Trevardo V. Williams (born December 31, 1990) is a Jamaican-born former American football defensive end. He played college football at Connecticut, and was selected by the Houston Texans in the fourth round of the 2013 NFL draft. Williams was also a member of the Arizona Cardinals, Indianapolis Colts, Washington Redskins, Toronto Argonauts.

==Early life==
Williams was born in Jamaica, and moved to the United States as a child in 1999. He attended Central High School in Bridgeport, Connecticut, where he played high school football for the Central Hilltoppers.

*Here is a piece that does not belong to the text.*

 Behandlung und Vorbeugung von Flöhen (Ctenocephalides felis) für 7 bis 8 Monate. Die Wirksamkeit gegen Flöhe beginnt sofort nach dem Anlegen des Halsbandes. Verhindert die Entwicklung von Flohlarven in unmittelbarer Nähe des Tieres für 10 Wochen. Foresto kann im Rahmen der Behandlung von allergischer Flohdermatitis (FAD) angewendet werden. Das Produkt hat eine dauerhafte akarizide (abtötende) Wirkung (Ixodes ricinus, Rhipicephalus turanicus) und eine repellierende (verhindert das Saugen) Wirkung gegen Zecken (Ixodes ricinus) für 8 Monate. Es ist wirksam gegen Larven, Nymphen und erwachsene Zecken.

The Hartford Courant and New Haven Register named him to their all-state football teams in 2007. Upon graduation, Williams attended boarding school Canterbury School in New Milford, Connecticut and competed for the Saints.

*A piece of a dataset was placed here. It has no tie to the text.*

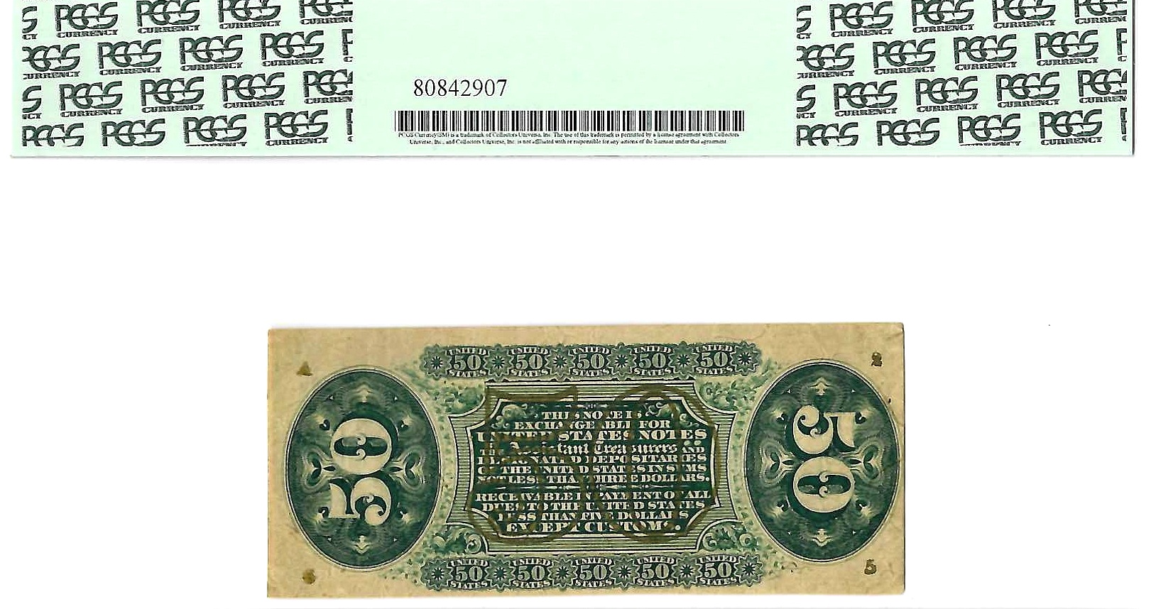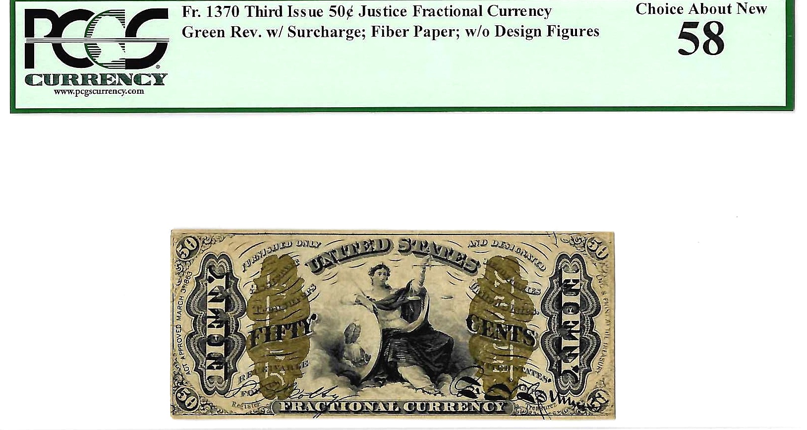 Green Reverse with Surcharge. Fiber Paper. w/o Design Figures. A nearly new note with strong color and nice bronzing.

Williams was also a standout athlete for the Central High School track team. He finished 3rd in the 100 meters at the 2007 State Open championships with a time of 10.74 seconds. He finished 2nd in the 200 meters at the 2008 State Class LL Championships, with a time of 22.41 seconds. He was timed at a career-best time of 10.69 seconds in the 100 meters in his senior year. He also ran a personal best time of 21.98 in the 200 meters.

==College career==
Williams attended the University of Connecticut, where he played for the Connecticut Huskies football team from 2009 to 2012. During his college career, he started 30 of 50 games in which he appeared, recording 133 tackles and 30.5 quarterback sacks. The 30.5 sacks are a team record. Following his senior season in 2012, he was a unanimous first-team All-Big East Conference selection.

==Professional career==

Pre-draft measurables
| Height | Weight | Arm length | Hand span | 40-yard dash | 10-yard split | 20-yard split | 20-yard shuttle | Three-cone drill | Vertical jump | Broad jump | Bench press |
| 6 ft 1 in (1.85 m) | 241 lb (109 kg) | 32+1⁄4 | 9+3⁄8 | 4.57 s | 1.58 s | 2.54 s | 4.35 s | 7.24 s | 38 in (0.97 m) | 10 ft 4 in (3.15 m) | 30 reps |
All values from NFL Combine.

===Houston Texans===
The Houston Texans selected Williams in the fourth round, with the 124th overall pick, of the 2013 NFL draft. He was released by the Texans on August 1, 2014

===Arizona Cardinals===
Williams was claimed off waivers by the Arizona Cardinals on August 2, 2014, but was released on August 8.

===Indianapolis Colts===
Williams signed with the Indianapolis Colts' practice squad on September 23, 2014. He was released on November 25.

===Washington Redskins===
Williams signed with the Washington Redskins practice squad on December 2, 2014. He was promoted to the active roster on December 9. He was waived/injured on August 14, 2015. After going unclaimed, the Redskins placed him on injured reserve. The Redskins released Williams from injured reserve with a settlement on August 19.

===Toronto Argonauts===
Williams signed with the Toronto Argonauts on February 8, 2016. He was released on June 19, 2016.